TASK TO CARRY OUT — Copy only what lies from the line containing "I stedet fortsatte" through the line containing "MELBOURNE, AUSTRALIA - MAY" in the entries below, keeping both end lines exact and dropping every picture.

THE RECORDS —
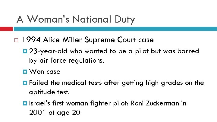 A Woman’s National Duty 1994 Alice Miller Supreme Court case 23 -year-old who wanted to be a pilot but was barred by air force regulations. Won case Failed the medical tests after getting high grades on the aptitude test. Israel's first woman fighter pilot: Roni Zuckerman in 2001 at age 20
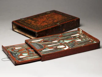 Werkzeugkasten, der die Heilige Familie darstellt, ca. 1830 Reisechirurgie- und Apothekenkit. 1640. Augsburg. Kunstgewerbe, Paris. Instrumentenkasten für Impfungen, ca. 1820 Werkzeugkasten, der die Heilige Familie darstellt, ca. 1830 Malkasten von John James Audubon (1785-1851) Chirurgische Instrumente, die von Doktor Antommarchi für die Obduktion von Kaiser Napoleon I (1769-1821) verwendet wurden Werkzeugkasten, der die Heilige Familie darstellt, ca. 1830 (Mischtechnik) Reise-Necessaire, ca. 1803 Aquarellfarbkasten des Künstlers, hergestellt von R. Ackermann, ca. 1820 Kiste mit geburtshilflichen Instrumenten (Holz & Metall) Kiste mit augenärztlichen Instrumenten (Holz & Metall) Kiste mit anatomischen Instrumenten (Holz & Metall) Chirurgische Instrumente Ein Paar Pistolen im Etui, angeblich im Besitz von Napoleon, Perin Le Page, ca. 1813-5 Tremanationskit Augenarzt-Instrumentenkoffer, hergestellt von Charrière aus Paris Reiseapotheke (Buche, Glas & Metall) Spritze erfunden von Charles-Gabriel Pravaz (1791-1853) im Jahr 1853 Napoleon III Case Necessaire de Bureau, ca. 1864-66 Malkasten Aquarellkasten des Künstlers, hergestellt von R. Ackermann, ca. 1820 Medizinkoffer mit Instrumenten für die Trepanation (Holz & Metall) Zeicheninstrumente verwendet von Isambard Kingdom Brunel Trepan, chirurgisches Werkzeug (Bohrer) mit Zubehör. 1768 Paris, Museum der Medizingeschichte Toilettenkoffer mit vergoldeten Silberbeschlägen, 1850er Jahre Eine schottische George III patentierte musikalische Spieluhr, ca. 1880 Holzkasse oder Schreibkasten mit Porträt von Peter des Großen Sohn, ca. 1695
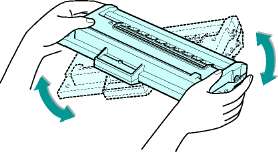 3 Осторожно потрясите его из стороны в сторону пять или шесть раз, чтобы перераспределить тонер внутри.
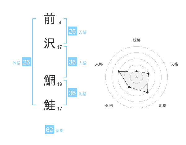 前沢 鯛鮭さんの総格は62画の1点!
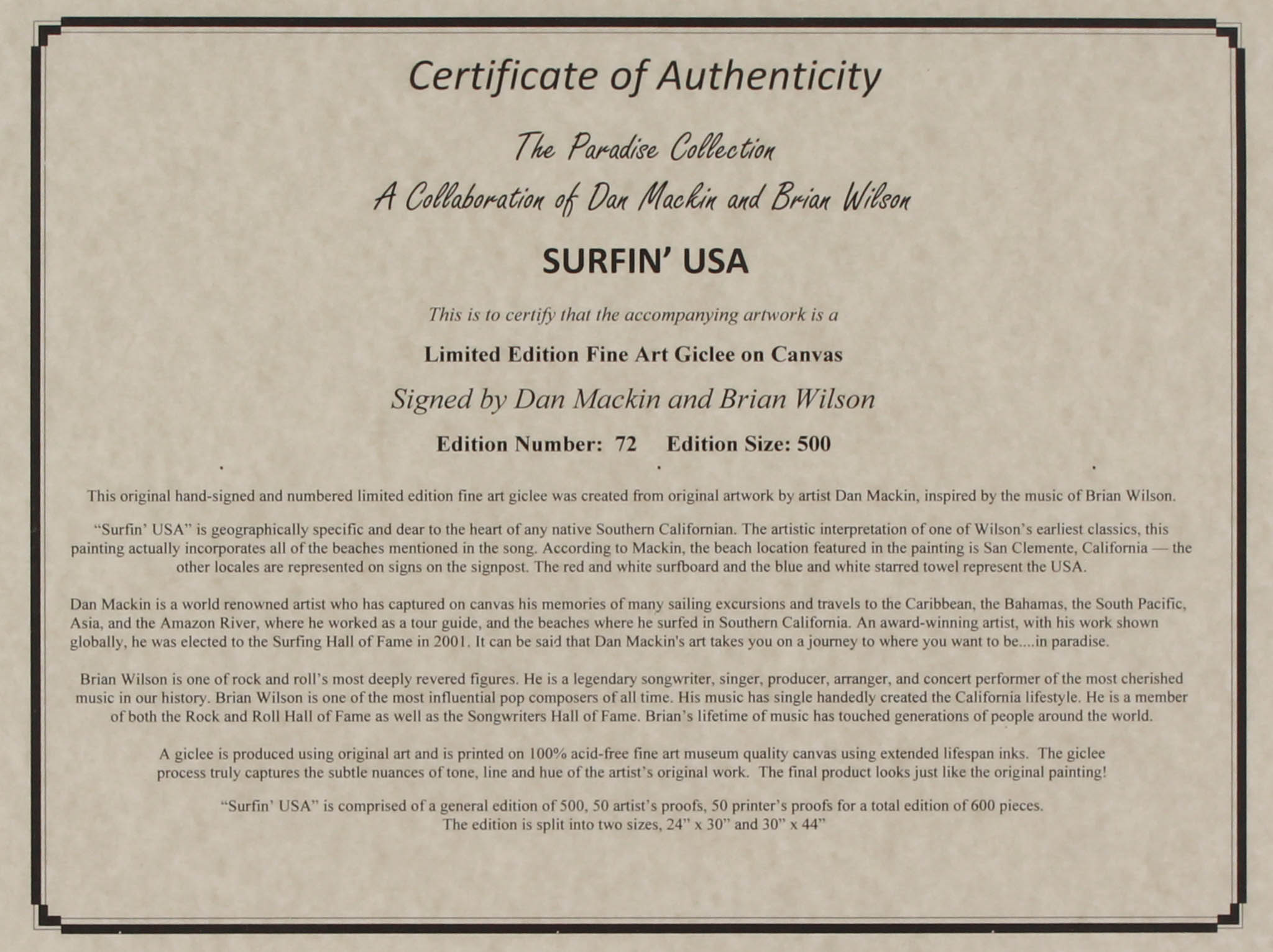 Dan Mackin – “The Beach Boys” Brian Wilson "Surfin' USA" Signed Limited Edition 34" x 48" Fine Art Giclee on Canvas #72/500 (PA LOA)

==

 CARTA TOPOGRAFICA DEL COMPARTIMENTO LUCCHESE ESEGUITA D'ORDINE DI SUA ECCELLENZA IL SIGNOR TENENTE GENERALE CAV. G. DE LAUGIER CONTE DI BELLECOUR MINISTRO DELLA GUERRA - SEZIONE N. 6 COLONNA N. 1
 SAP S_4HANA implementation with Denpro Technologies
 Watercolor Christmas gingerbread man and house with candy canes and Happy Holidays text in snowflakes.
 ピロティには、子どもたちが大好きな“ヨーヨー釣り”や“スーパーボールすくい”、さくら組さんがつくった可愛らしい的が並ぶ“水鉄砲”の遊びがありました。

...

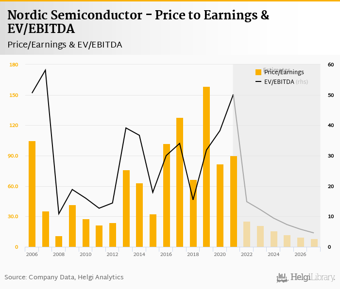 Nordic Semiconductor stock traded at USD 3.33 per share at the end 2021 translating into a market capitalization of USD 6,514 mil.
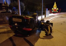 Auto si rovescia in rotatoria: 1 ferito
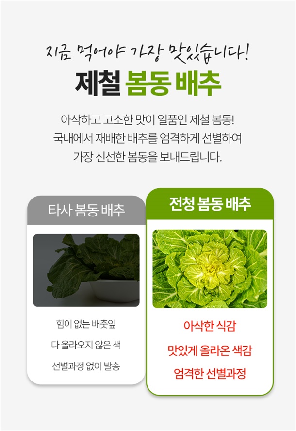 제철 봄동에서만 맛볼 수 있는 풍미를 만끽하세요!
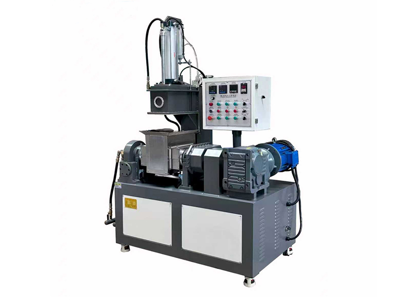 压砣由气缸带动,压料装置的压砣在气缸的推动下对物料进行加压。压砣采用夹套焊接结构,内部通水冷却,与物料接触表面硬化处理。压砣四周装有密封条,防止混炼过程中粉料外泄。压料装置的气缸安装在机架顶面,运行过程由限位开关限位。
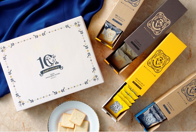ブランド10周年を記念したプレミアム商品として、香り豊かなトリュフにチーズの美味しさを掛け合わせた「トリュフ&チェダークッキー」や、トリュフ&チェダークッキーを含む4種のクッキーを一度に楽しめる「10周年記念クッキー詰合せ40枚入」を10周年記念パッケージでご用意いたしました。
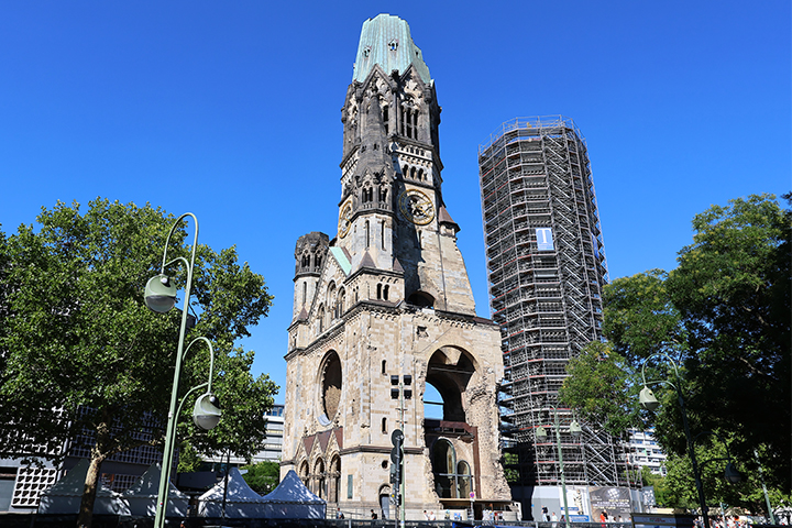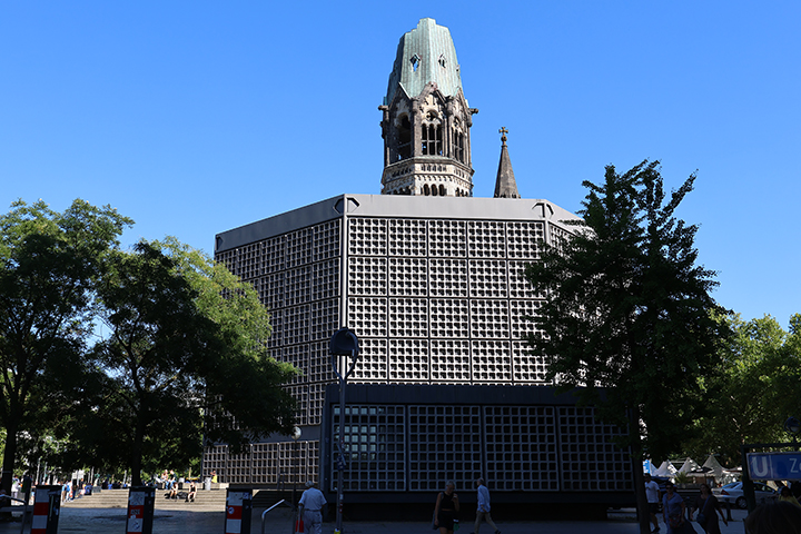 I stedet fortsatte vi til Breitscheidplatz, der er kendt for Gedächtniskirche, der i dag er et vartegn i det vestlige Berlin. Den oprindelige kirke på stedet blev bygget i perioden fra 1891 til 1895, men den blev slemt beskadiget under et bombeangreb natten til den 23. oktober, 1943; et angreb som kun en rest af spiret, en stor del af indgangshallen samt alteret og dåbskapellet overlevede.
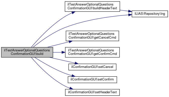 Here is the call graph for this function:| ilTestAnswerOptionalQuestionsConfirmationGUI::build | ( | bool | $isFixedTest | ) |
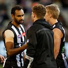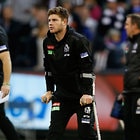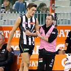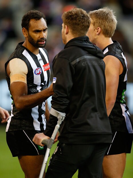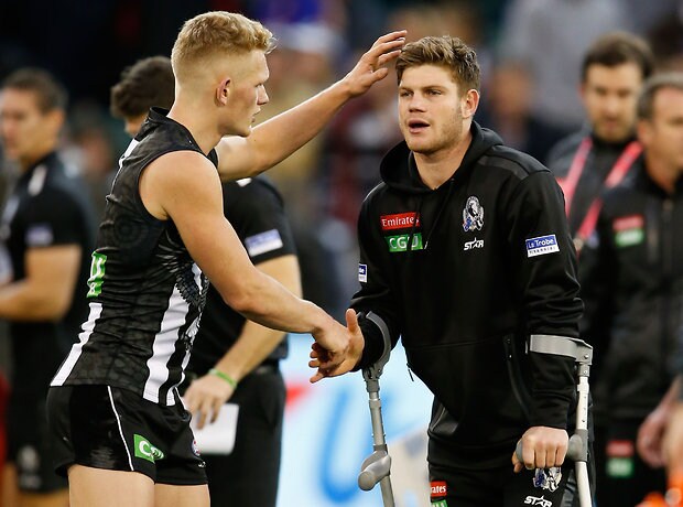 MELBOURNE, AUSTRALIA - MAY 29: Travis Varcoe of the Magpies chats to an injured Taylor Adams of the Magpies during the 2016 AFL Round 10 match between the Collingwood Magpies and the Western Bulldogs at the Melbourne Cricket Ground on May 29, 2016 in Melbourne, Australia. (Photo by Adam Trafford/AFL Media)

OUTPUT OF THE TASK —
 I stedet fortsatte vi til Breitscheidplatz, der er kendt for Gedächtniskirche, der i dag er et vartegn i det vestlige Berlin. Den oprindelige kirke på stedet blev bygget i perioden fra 1891 til 1895, men den blev slemt beskadiget under et bombeangreb natten til den 23. oktober, 1943; et angreb som kun en rest af spiret, en stor del af indgangshallen samt alteret og dåbskapellet overlevede.
 Here is the call graph for this function:| ilTestAnswerOptionalQuestionsConfirmationGUI::build | ( | bool | $isFixedTest | ) |
 MELBOURNE, AUSTRALIA - MAY 29: Travis Varcoe of the Magpies chats to an injured Taylor Adams of the Magpies during the 2016 AFL Round 10 match between the Collingwood Magpies and the Western Bulldogs at the Melbourne Cricket Ground on May 29, 2016 in Melbourne, Australia. (Photo by Adam Trafford/AFL Media)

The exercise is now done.